Last Winter, We Parted (去年の冬、きみと別れ, Kyonen no fuyu Kimi to wakare) is a 2018 Japanese crime film directed by Tomoyuki Takimoto, based on the 2013 novel of the same name by Fuminori Nakamura. The film stars Takanori Iwata, Mizuki Yamamoto and Takumi Saitoh.

The film was distributed by Warner Bros. Pictures Japan. It was released in Japan on March 10, 2018, and was released in Hong Kong on June 28 of the same year.

== Plot ==
Kyosuke Yakumo, a young reporter looking for a scoop, is preparing to marry his beloved Yuriko while continuing his chase to talented photographer Yudai Kiharazaka. Kiharazaka is the prime suspect of a still riddle-laden incident involving the death of a beautiful blind woman in a fire, and Yakumo manages to interview him so that he can writes a book about the case. The closer Yakumo gets to the truth, the deeper he plunges into Kiharazaka's devilry. Meanwhile, his fiancée Yuriko is falling slowly into a trap.

== Cast ==
- Takanori Iwata as Kyosuke Yakumo, an ambitious reporter who is about to get married. But as he becomes obsessed with investigating the case of a blind girl who was burned to death, his life and that of his fiancée Yuriko change drastically.
- Mizuki Yamamoto as Yuriko Matsuda, Yakumo's fiancée, who is beautiful and happy.
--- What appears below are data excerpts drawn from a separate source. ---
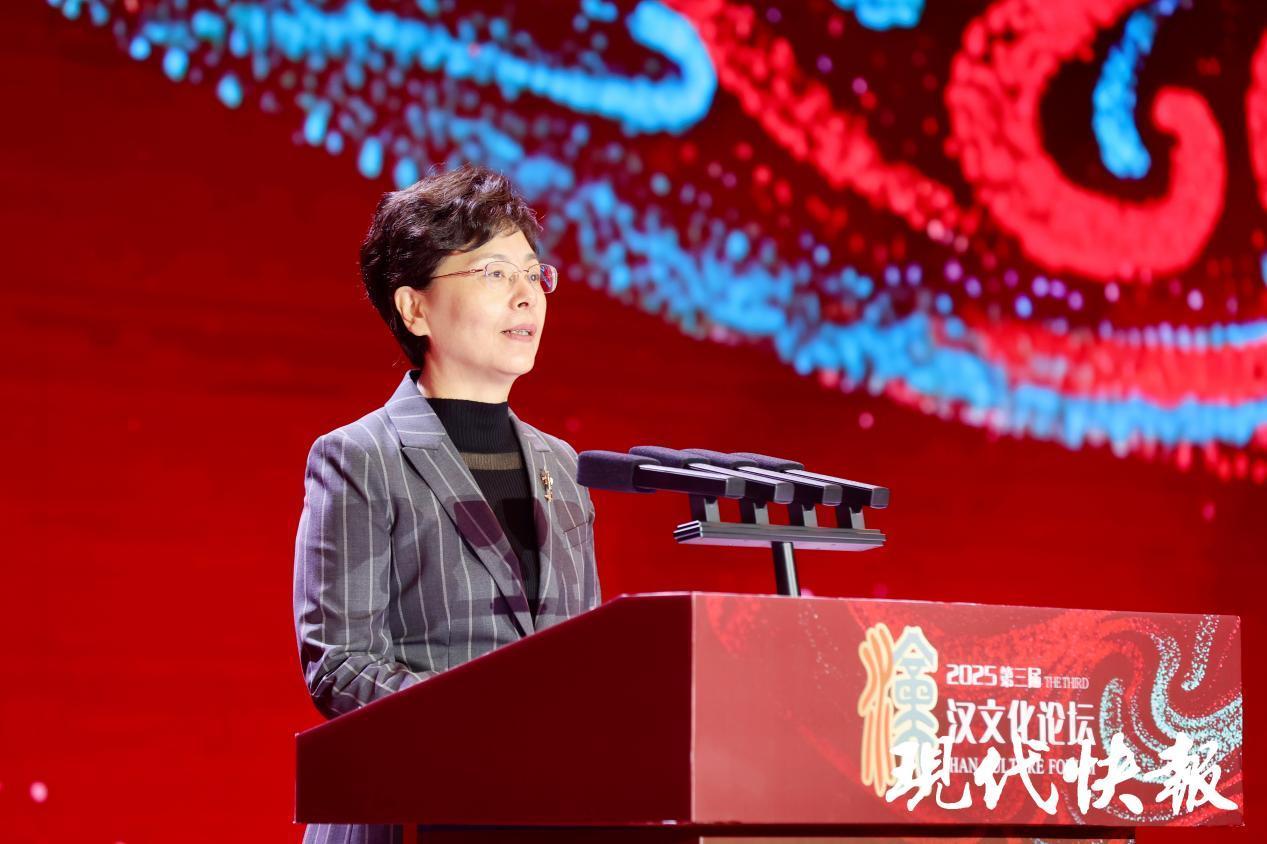 徐缨在致辞中说,本届汉文化论坛以“何以为汉·和合共生”为主题,聚焦数智传播、文明互鉴、文博考古、文脉传承等重要议题,既是深入学习贯彻党的二十届四中全会精神的具体行动,也是江苏打造习近平文化思想生动实践地的重要举措。江苏将以举办本次论坛为契机,持续深化两汉文化研究,大力推动文化传承发展,坚守根脉魂脉,推进自信自强,担当“探索新经验”的使命,让文化创新创造活力全面激发、竞相涌流。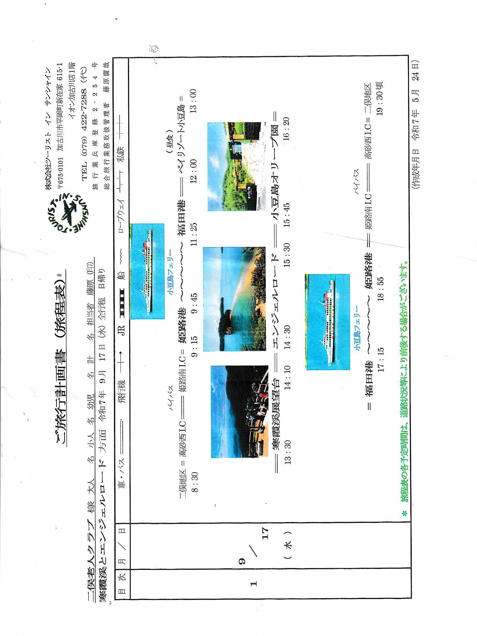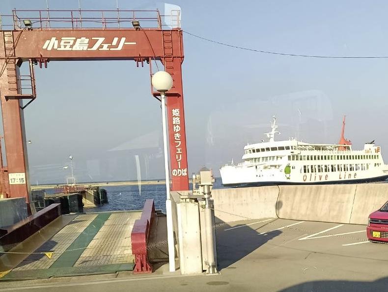 姫路港からフエリーで小豆島へ 山と海とオリーブの島を遊覧。その切り立った山々、入り組んだ入江、そして緑の樹々、青い海それらの自然の景観の移り変わりに満足した一日でした。幹事さんありがとうございました。
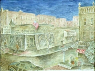 Simon Donikian | 43rd Street and Queens Blvd. | 1999 | watercolor on paper | 7 3/4 x 10 1/2 inches | ||||||||||||||||||||

But in the course of Yakumo's investigation into the case, their relationship gradually develops a rift. At this point, she meets Yudai Kiharazaka and agrees to be his photo model, stepping into a dangerous situation.
- Takumi Saitoh as Yudai Kiharazaka, a talented photographer and the prime suspect of the blind-woman-burnt-to-death case. He has an unusual obsession with butterflies and Ryūnosuke Akutagawa's novel "Hell Screen". He waits for an opportunity to approach Yuriko and lures her into agreeing to be his model with flowery words.
- Reina Asami as Akari Kiharazaka, Yudai's older sister who has an extremely wild personality. Although she has a successful career, she has a dark past that is not well known. She was abused by her father as a child and had an ambiguous relationship with her brother.
- Kazuki Kitamura as Yoshiki Kobayashi, the editor of a weekly magazine that Yakumo works for. Though he seems to be objective and impartial about Yakumo's investigation into the death of the blind woman, he seems to be hiding something. As Yakumo's investigation progresses, he begins to suspect Yakumo's true motives for pursuing the case.
- Kaho Tsuchimura as Akiko Yoshioka, the blind woman who was burnt to death.

== Release ==
Last Winter, We Parted had its Japanese premiere on February 21, 2021, at Tokyo Dome City Hall, and was released in Japan on March 10. It was released in Hong Kong on June 28 of the same year, and was shown on Shanghai International Film Festival.

=== Marketing ===
The film was announced on August 1, 2017, as the film adaption of the award-winning novel of the same title, with Takanori Iwata leading and Mizuki Yamamoto, Takumi Saitoh joining the cast. A teaser was released on October 2, 2017, and the poster of the film was released on October 24. On December 15, it was announced that m-flo would provide the theme song for the film, and a trailer using that song as background music was released on January 22, 2018. The main cast of the film including Takanori Iwata, Mizuki Yamamoto and Takumi Saitoh attended a series of special greeting events before and after the release of the film in cinemas of Tokyo to promote it.